Gradually, modern medicine is starting to fully appreciate the huge influence our state of mind has on our health. This is really well summarised in Adrian Leader and    book “Why do People get Ill?” ), available from our online shop. Literally, we are what we think. It is becoming increasingly evident that our thought processes create our diseases, whether they involve physical or mental symptoms, or both. We can say that our heart condition has been brought on by working intensely under stressful circumstances for a prolonged period of time, but what thought processes have led us to work like this in the first place. For example, if during our upbringing, we have thought, for whatever reason, that we needed to ‘achieve’ in order to gain ‘acceptance’ or ‘love’ from our parents, then this might have trained the habit of ‘flogging’ ourselves in our work life.

Holistic healthcare is about helping each individual bring their unconscious motivations into conscious awareness whilst using tried and tested techniques to facilitate recovery from the current disease-state. We do this by stimulating the body’s own, already amazingly well-equipped self-preservation systems. When an individual understands their disease process as part of who they are, they see that there can be no ‘fight’ against cancer because the cancer is a part of them. There is no external ‘enemy’ to fight. They have literally created their circumstances by their thoughts words and deeds in their life to date. Therefore, the only long-term, sustainable solution is through new thoughts, words and deeds. So, in my mind, self-understanding is the key. As far as I can see, achieving self-understanding is a process, often long and arduous, which is why we are often well-advised to seek external help when experiencing a life-threatening disease state.

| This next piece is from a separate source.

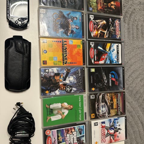 Sony PSP konsol med tilbehør inklusive taske, oplader og biloplader. Pakken indeholder 10 spil: Gran Turismo, Killzone Liberation, Grand Theft Auto, Tekken, og flere. Konsollen har en 4,3 tommer skærm og understøtter trådløs forbindelse. Spil og tilbehør er velegnet til underholdning på farten.
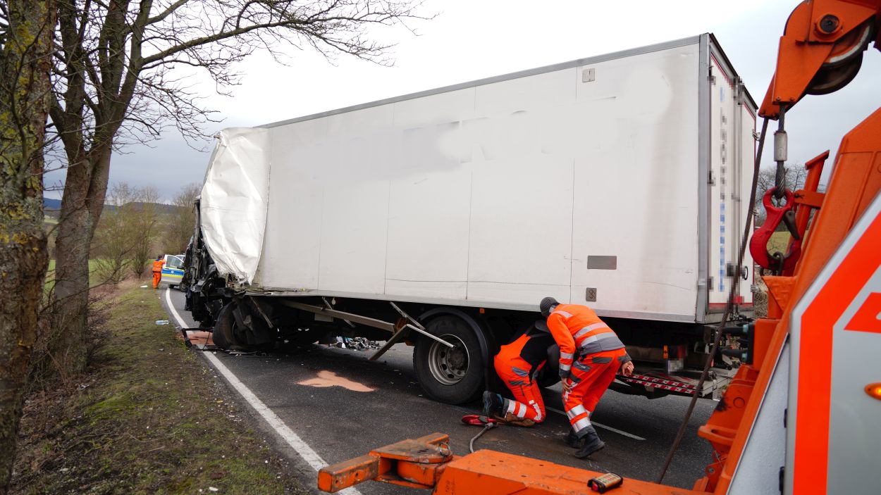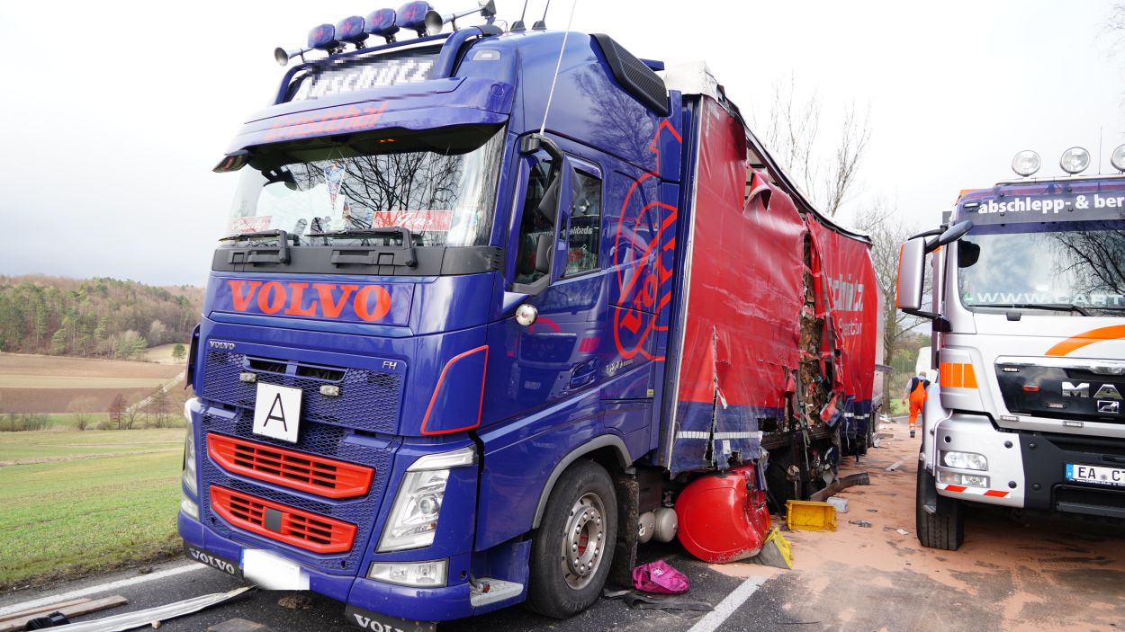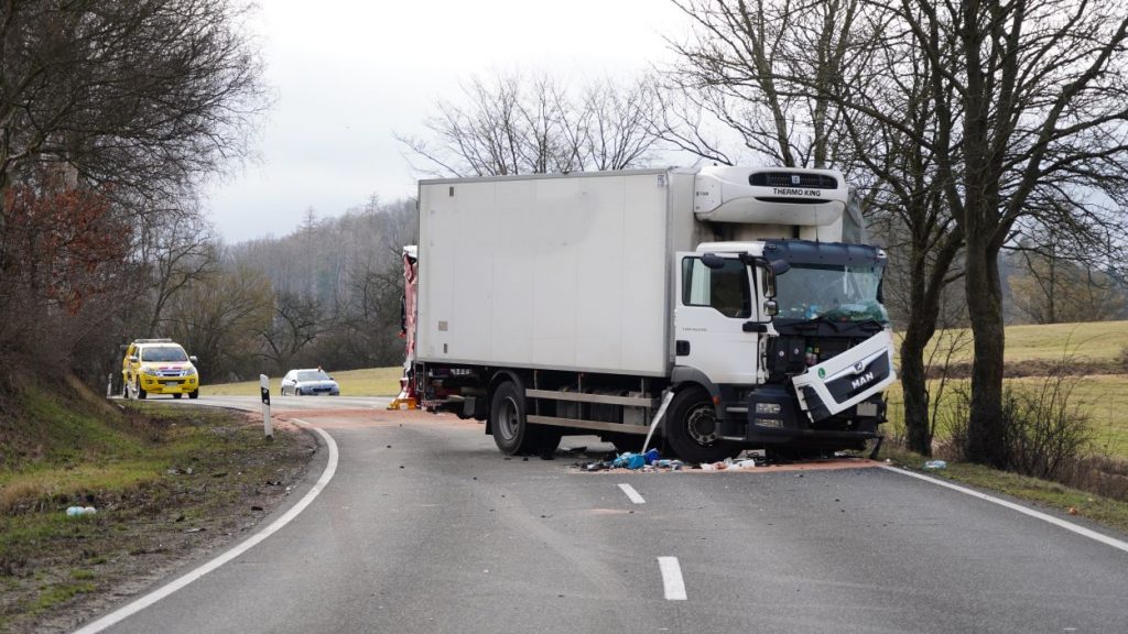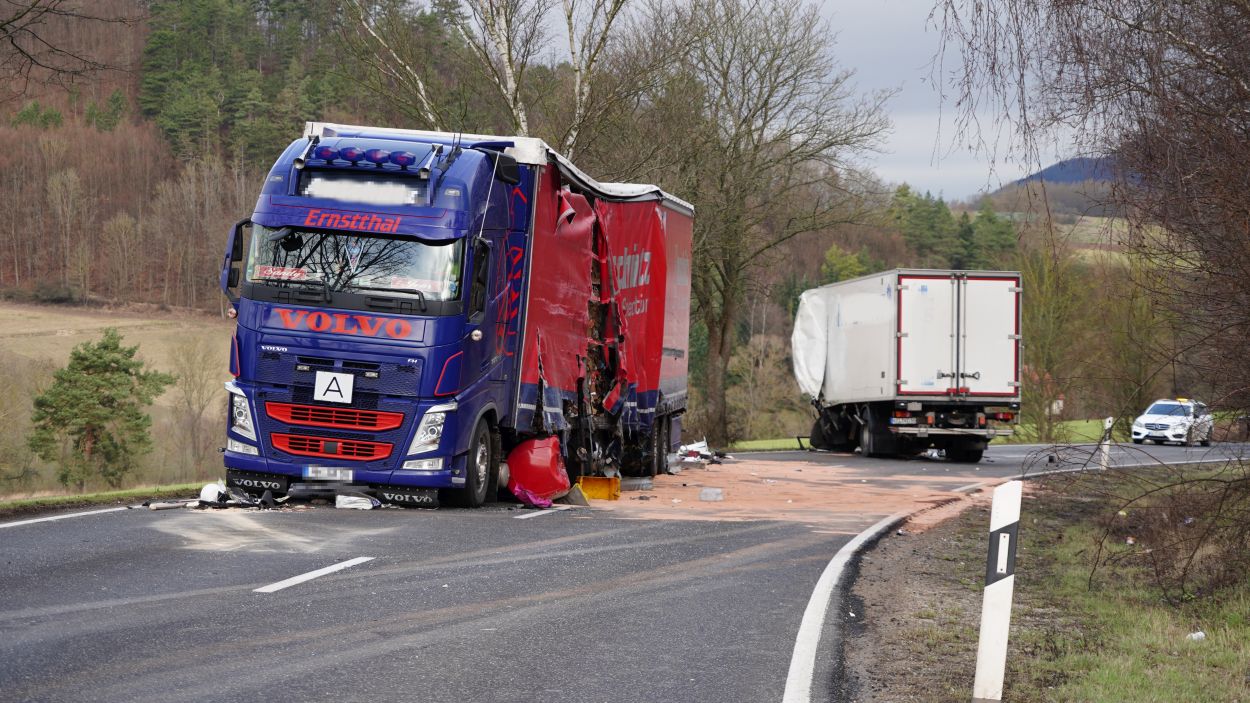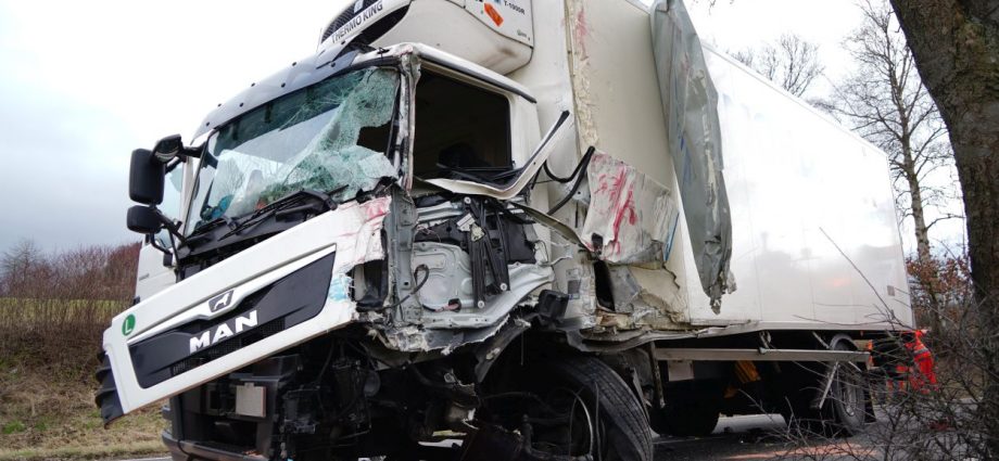 Sontra – Auf der B400 zwischen Sontra-Ulfen und Blinde Mühle kam es am Mittwochmorgen zu einem schweren LKW-Unfall. Nach bisherigen Informationen befuhr ein 47-jähriger LKW-Fahrer gegen 7 Uhr die Bundesstraße von Herleshausen nach Eschwege. Aus bislang noch unbekannten Gründen fuhr er kurz vor Ulfen nach links in den Gegenverkehr und streifte zwei entgegen kommende LKW sowie ein PKW. Der 47-jährige LKW-Fahrer wurde schwer verletzt und musste in ein Krankenhaus eingeliefert werden. Die anderen Unfallbeteiligten blieben wie durch ein Wunder nahezu unverletzt. Die Bergungsarbeiten werden voraussichtlich noch bis in den späten Nachmittag andauern.

The word ‘fight’ often implies a struggle. Because of the negative connotations this idea holds, this is just likely to make the process of recovery that much more difficult. So, I believe that our best chance of survival is to embrace the symptoms we are suffering as messages sent from deep inside us as an aid to reaching fullness. This way we can utilise the healing power of love, love of our self and the people around us and of life. Being diagnosed with a life-threatening illness is probably one of the best wake-up calls we will ever get in helping us to express ourselves as we truly are. So let’s embrace it. Or, as the motif on one of the Tai Chi students in my class says: “make tea, not war!”